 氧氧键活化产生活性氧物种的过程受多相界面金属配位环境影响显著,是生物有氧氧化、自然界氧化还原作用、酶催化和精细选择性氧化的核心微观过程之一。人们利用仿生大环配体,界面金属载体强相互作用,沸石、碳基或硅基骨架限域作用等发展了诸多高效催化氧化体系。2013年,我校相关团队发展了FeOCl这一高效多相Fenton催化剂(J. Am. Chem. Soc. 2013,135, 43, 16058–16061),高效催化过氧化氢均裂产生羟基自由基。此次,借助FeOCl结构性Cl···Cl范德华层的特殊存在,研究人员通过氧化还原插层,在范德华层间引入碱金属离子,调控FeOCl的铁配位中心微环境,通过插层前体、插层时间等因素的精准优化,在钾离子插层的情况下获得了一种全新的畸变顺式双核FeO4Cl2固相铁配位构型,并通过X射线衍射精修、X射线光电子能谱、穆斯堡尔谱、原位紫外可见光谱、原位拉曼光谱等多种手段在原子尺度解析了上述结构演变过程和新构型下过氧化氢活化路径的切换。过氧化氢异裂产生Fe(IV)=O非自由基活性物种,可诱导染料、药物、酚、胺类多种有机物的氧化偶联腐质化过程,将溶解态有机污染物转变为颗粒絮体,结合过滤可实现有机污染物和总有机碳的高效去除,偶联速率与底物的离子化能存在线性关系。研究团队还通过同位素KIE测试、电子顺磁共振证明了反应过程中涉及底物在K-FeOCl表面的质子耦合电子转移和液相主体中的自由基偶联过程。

::::::

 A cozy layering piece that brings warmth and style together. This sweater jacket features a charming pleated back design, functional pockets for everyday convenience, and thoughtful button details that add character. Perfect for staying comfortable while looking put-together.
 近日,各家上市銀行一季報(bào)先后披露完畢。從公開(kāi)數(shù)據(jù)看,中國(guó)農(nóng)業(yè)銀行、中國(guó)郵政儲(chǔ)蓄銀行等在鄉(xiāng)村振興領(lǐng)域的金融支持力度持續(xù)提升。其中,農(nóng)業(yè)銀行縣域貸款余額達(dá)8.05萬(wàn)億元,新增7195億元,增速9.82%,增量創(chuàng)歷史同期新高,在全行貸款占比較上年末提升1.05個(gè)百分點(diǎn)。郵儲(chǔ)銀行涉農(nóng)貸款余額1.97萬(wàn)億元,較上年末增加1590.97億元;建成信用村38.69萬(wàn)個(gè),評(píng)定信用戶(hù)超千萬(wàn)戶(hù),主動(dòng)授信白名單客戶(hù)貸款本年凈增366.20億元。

::::::

What you have to do - Of the lines above, retype only those from the line containing "A cozy layering" through the line containing "近日,各家上市銀行一季報(b", including both, exactly.

Exercise answer -
 A cozy layering piece that brings warmth and style together. This sweater jacket features a charming pleated back design, functional pockets for everyday convenience, and thoughtful button details that add character. Perfect for staying comfortable while looking put-together.
 近日,各家上市銀行一季報(bào)先后披露完畢。從公開(kāi)數(shù)據(jù)看,中國(guó)農(nóng)業(yè)銀行、中國(guó)郵政儲(chǔ)蓄銀行等在鄉(xiāng)村振興領(lǐng)域的金融支持力度持續(xù)提升。其中,農(nóng)業(yè)銀行縣域貸款余額達(dá)8.05萬(wàn)億元,新增7195億元,增速9.82%,增量創(chuàng)歷史同期新高,在全行貸款占比較上年末提升1.05個(gè)百分點(diǎn)。郵儲(chǔ)銀行涉農(nóng)貸款余額1.97萬(wàn)億元,較上年末增加1590.97億元;建成信用村38.69萬(wàn)個(gè),評(píng)定信用戶(hù)超千萬(wàn)戶(hù),主動(dòng)授信白名單客戶(hù)貸款本年凈增366.20億元。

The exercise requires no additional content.